## Prompt
Show each line of the entries below in which the word "year" appears.

------ Recorded information

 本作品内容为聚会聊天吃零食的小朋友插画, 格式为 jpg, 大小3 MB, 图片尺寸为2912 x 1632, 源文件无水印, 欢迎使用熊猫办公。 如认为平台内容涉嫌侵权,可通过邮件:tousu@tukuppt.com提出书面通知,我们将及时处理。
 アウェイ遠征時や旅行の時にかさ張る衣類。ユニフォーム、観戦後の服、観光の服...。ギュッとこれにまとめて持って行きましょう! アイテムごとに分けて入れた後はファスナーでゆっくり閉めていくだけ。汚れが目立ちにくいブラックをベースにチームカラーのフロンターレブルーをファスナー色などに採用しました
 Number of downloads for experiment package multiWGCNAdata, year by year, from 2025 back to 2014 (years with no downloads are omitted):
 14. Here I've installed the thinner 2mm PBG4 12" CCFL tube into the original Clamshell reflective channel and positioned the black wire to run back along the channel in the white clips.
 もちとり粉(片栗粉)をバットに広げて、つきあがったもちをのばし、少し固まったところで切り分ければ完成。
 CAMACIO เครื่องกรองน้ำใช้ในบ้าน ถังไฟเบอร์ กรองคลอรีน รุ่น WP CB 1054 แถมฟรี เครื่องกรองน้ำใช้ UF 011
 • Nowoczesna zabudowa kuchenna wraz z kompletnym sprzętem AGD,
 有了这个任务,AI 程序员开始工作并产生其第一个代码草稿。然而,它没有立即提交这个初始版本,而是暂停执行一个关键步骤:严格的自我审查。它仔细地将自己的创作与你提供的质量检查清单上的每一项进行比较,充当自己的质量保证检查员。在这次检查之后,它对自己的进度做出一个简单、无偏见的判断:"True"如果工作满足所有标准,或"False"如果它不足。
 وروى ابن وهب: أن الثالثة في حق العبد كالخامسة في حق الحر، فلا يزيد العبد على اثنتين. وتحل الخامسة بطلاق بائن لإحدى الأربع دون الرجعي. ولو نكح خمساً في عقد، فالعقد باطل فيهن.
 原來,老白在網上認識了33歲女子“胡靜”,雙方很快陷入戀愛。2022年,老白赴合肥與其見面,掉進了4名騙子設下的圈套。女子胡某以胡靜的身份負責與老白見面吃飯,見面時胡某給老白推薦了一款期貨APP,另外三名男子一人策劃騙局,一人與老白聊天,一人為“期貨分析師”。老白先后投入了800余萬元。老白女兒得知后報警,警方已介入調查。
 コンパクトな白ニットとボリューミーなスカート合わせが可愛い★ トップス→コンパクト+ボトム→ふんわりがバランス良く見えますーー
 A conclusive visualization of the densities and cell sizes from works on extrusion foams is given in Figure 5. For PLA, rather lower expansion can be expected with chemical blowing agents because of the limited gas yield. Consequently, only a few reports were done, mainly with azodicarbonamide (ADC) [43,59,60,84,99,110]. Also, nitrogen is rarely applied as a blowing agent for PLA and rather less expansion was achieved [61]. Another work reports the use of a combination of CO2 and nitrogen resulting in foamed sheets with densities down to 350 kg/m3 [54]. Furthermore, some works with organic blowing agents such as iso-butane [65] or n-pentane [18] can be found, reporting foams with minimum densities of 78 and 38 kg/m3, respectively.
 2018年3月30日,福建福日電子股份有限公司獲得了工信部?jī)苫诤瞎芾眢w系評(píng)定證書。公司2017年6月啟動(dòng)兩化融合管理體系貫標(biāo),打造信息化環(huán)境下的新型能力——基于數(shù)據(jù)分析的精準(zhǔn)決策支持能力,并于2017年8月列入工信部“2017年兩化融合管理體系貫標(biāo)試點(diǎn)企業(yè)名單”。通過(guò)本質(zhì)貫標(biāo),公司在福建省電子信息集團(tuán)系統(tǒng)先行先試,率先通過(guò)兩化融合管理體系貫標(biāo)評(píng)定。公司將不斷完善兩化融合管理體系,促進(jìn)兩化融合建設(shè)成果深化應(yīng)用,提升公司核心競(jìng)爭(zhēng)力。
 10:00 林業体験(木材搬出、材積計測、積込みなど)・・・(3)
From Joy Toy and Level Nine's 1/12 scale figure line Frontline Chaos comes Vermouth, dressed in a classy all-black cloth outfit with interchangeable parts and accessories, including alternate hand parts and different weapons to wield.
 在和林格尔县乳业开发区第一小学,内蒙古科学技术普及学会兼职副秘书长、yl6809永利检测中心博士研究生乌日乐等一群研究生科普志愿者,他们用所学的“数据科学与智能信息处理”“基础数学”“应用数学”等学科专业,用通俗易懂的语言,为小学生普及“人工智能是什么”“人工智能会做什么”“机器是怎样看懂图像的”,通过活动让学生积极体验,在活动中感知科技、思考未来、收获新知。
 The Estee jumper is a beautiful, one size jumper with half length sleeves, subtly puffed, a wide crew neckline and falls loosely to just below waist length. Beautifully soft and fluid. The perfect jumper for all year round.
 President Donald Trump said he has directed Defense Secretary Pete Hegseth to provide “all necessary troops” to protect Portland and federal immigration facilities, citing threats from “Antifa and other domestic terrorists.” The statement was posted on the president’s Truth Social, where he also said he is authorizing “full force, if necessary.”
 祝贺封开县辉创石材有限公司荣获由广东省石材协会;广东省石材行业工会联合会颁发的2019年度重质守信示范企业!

------------

## Your response
 Number of downloads for experiment package multiWGCNAdata, year by year, from 2025 back to 2014 (years with no downloads are omitted):
 The Estee jumper is a beautiful, one size jumper with half length sleeves, subtly puffed, a wide crew neckline and falls loosely to just below waist length. Beautifully soft and fluid. The perfect jumper for all year round.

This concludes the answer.